Aim of the exercise:
Repeat the data exactly as given below, dropping every picture.

:: Source data ::

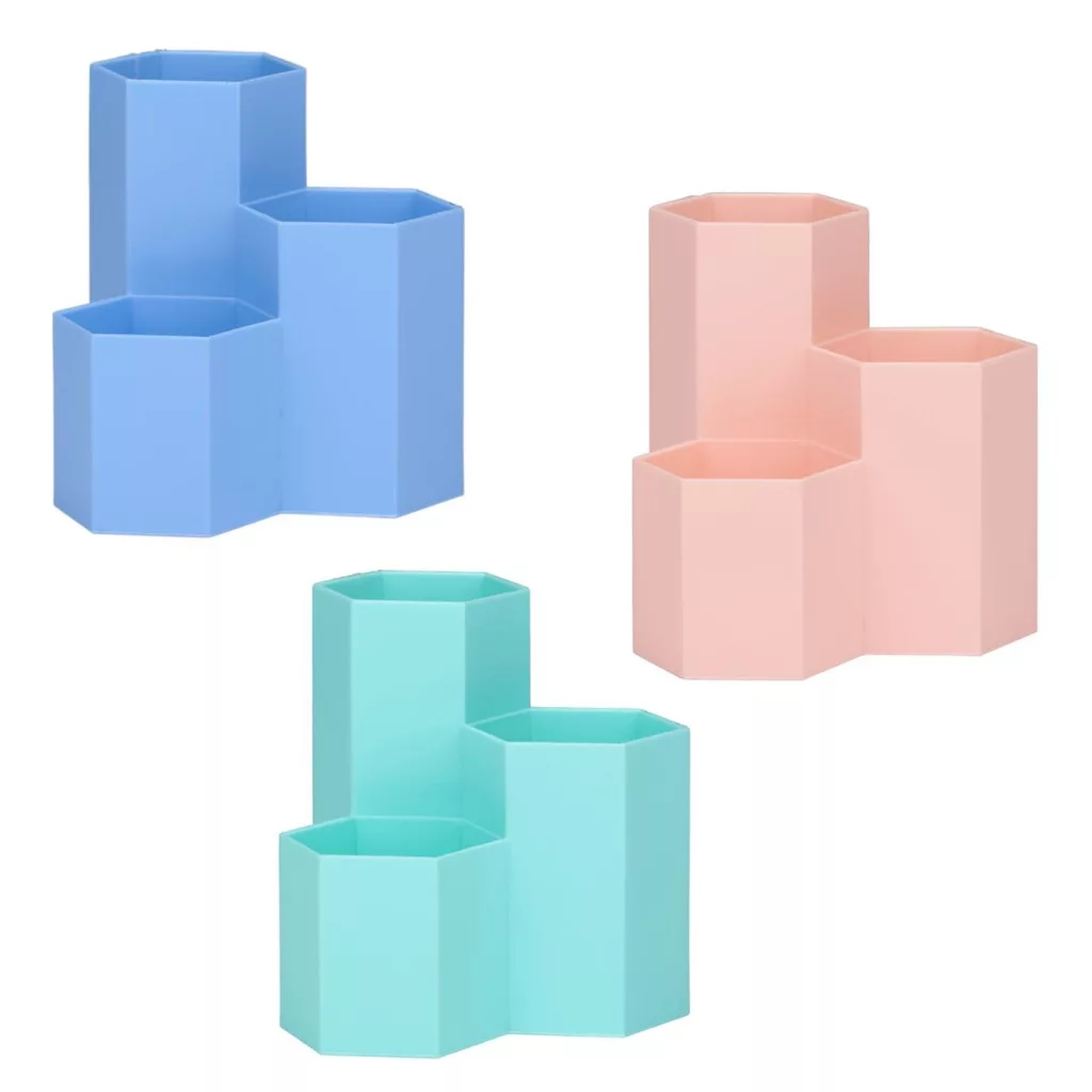A stabil műanyagból készült hatszögletű forma nem borul fel, a fokozatos rekeszeknek köszönhetően a különböző hosszúságú eszközök jól elkülönülnek, így egy mozdulattal megtalálod, amire szükséged van. Kezdőknek és haladóknak egyaránt ideális, használata egyszerű, nem igényel semmilyen szerelést vagy karbantartást. Ajánlott korosztály: iskolástól irodai felhasználóig bárki.
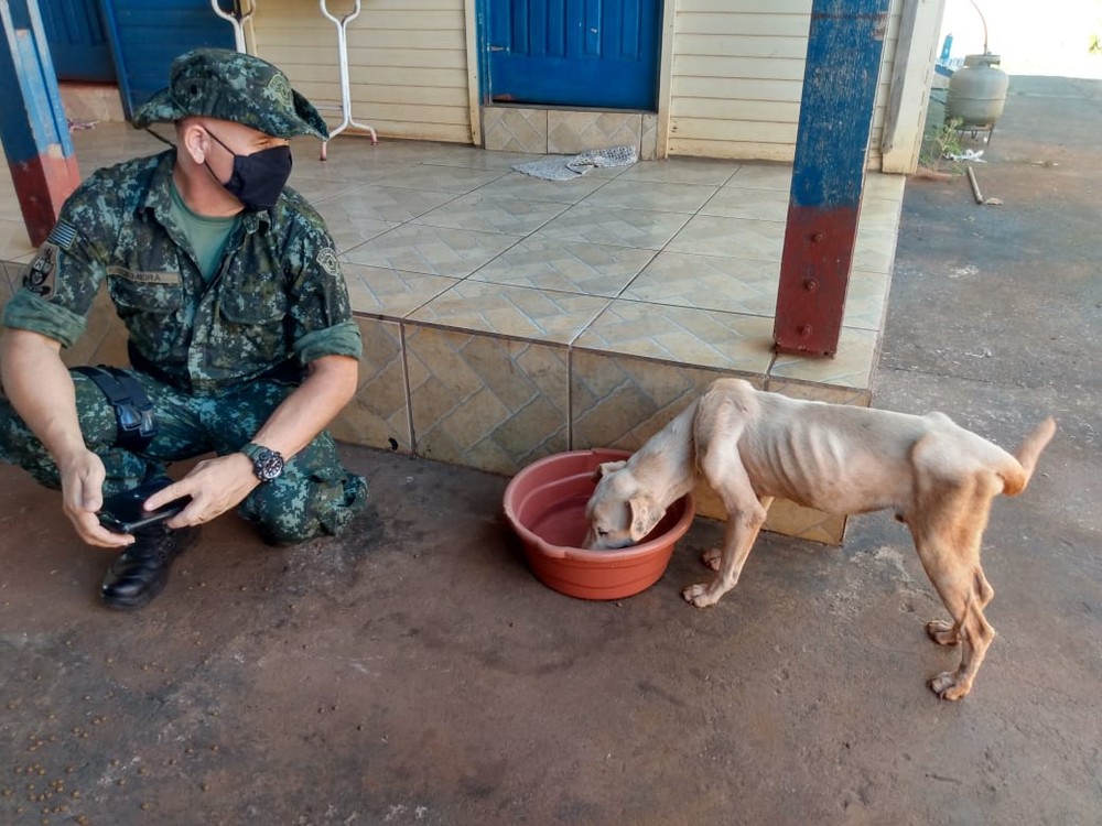No local, a Polícia Militar Ambiental constatou que o cachorro estava sem alimentação e água, desnutrido e infestado com muitos carrapatos.
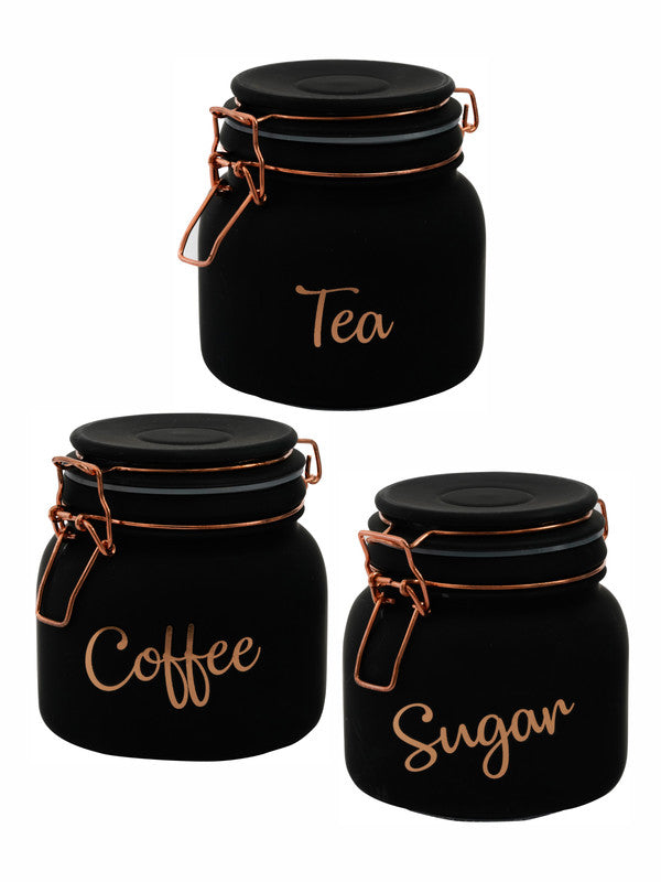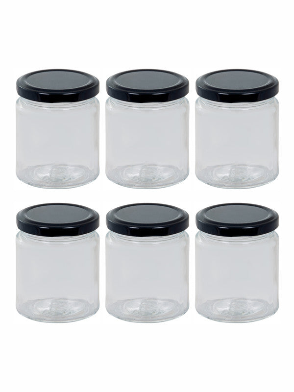 Goodhomes Glass Storage Jar with Black Metal Lid (Set of 6pcs)

:::

Written solution:
A stabil műanyagból készült hatszögletű forma nem borul fel, a fokozatos rekeszeknek köszönhetően a különböző hosszúságú eszközök jól elkülönülnek, így egy mozdulattal megtalálod, amire szükséged van. Kezdőknek és haladóknak egyaránt ideális, használata egyszerű, nem igényel semmilyen szerelést vagy karbantartást. Ajánlott korosztály: iskolástól irodai felhasználóig bárki.
No local, a Polícia Militar Ambiental constatou que o cachorro estava sem alimentação e água, desnutrido e infestado com muitos carrapatos.
 Goodhomes Glass Storage Jar with Black Metal Lid (Set of 6pcs)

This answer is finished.